== The records

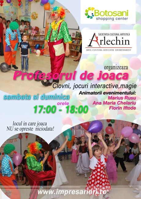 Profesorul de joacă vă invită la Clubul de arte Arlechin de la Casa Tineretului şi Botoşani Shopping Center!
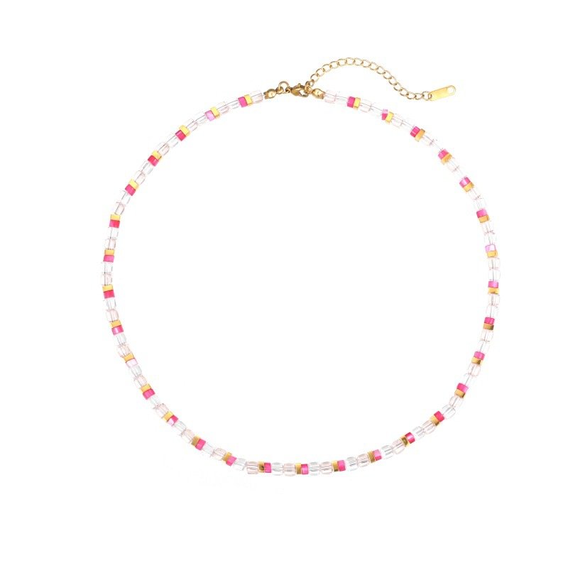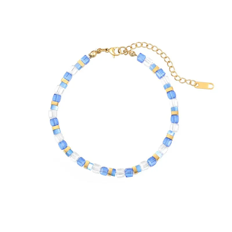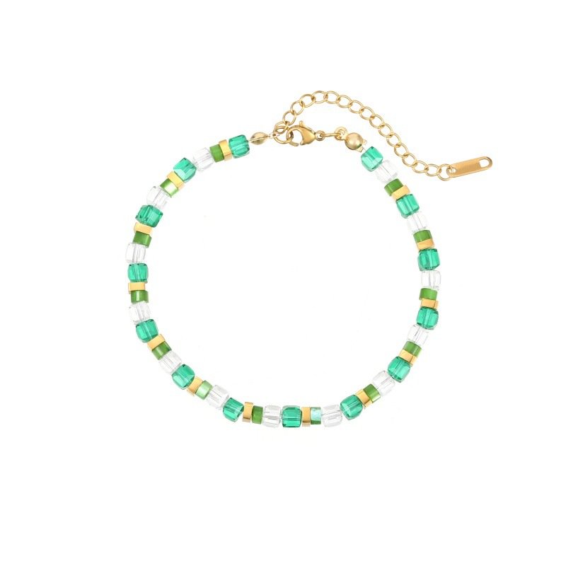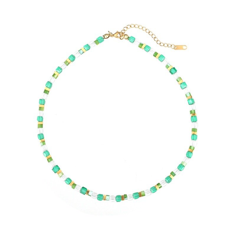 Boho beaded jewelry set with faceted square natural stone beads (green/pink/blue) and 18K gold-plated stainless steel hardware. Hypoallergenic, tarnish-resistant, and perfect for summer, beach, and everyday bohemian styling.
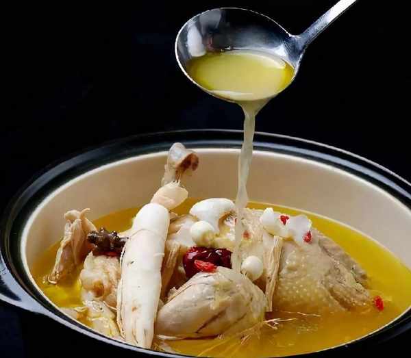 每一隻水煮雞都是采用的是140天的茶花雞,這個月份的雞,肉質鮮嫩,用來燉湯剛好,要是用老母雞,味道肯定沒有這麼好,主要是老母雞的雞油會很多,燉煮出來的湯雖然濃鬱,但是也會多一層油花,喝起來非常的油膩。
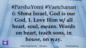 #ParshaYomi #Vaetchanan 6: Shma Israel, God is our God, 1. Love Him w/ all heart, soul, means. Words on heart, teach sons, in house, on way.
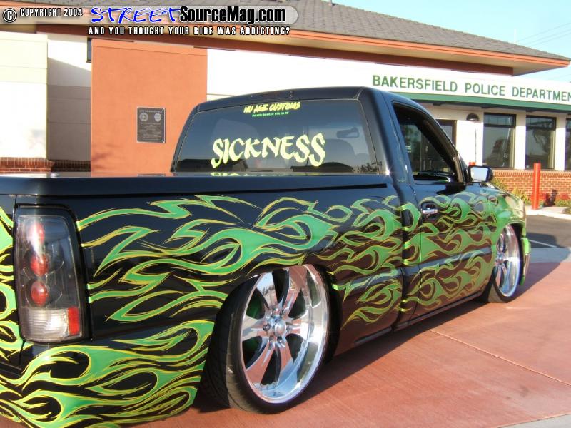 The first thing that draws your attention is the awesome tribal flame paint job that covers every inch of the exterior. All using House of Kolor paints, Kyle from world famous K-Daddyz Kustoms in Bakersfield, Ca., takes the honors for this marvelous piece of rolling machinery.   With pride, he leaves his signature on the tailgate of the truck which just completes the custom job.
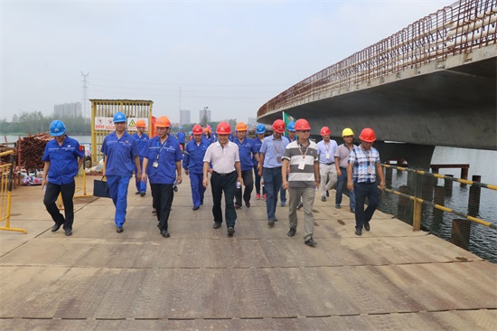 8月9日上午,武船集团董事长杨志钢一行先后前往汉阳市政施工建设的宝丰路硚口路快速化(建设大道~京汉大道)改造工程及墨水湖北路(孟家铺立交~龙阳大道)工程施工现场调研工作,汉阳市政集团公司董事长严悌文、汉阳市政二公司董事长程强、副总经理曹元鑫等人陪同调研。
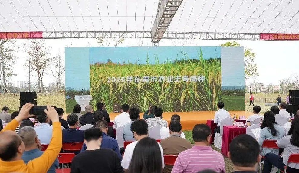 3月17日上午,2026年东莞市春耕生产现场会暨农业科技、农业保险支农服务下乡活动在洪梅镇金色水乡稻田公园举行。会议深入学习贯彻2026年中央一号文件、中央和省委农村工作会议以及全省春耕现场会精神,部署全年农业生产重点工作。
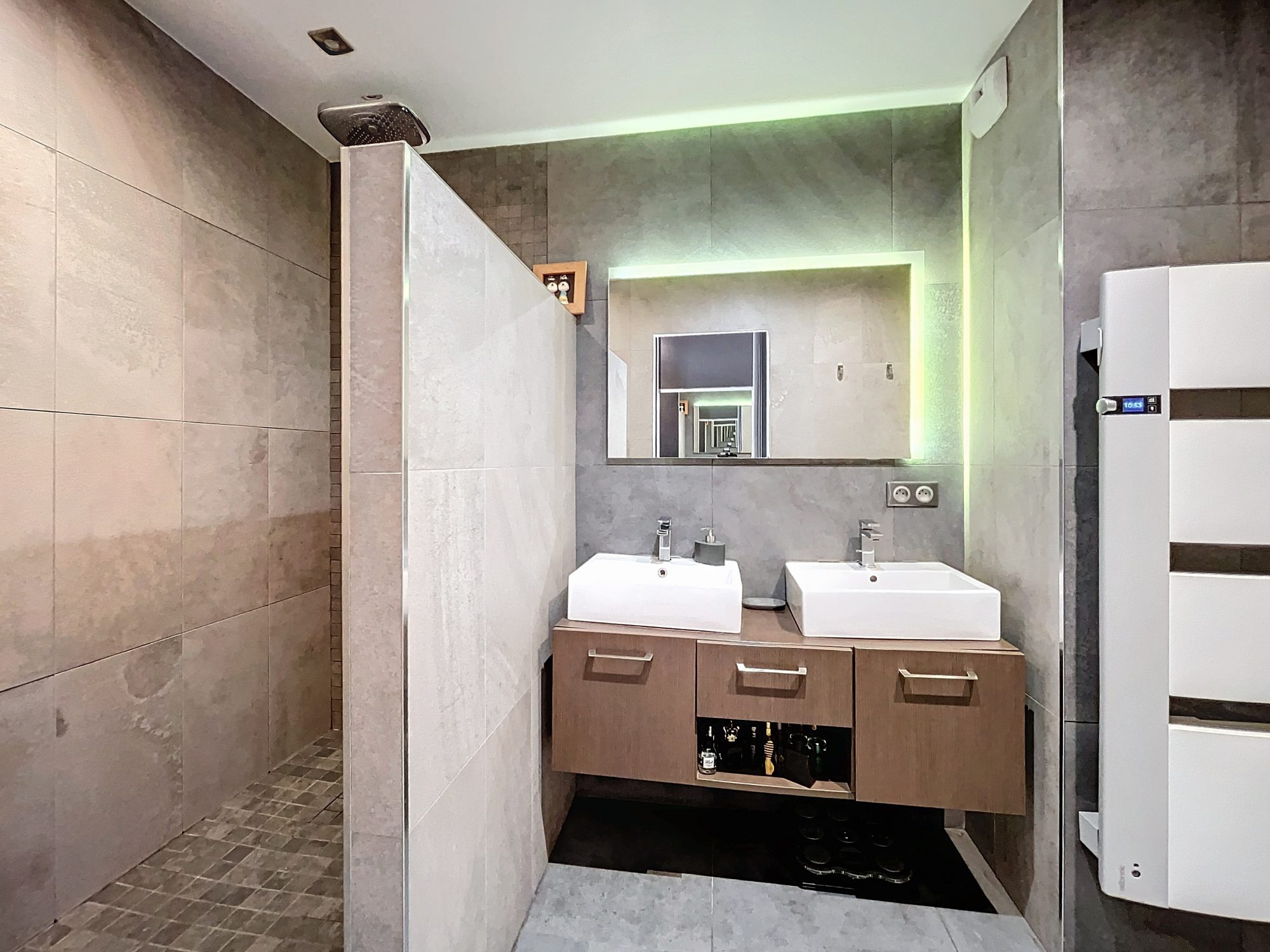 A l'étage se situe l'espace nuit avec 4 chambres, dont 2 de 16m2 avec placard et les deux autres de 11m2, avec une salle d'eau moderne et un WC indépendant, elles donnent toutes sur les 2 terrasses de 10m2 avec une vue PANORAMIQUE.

====

The lines from the start of the records above through the line that holds "The first thing" are to be copied exactly, both ends included, and no pictures are to be copied.

Result for this task.
 Profesorul de joacă vă invită la Clubul de arte Arlechin de la Casa Tineretului şi Botoşani Shopping Center!
 Boho beaded jewelry set with faceted square natural stone beads (green/pink/blue) and 18K gold-plated stainless steel hardware. Hypoallergenic, tarnish-resistant, and perfect for summer, beach, and everyday bohemian styling.
 每一隻水煮雞都是采用的是140天的茶花雞,這個月份的雞,肉質鮮嫩,用來燉湯剛好,要是用老母雞,味道肯定沒有這麼好,主要是老母雞的雞油會很多,燉煮出來的湯雖然濃鬱,但是也會多一層油花,喝起來非常的油膩。
 #ParshaYomi #Vaetchanan 6: Shma Israel, God is our God, 1. Love Him w/ all heart, soul, means. Words on heart, teach sons, in house, on way.
 The first thing that draws your attention is the awesome tribal flame paint job that covers every inch of the exterior. All using House of Kolor paints, Kyle from world famous K-Daddyz Kustoms in Bakersfield, Ca., takes the honors for this marvelous piece of rolling machinery.   With pride, he leaves his signature on the tailgate of the truck which just completes the custom job.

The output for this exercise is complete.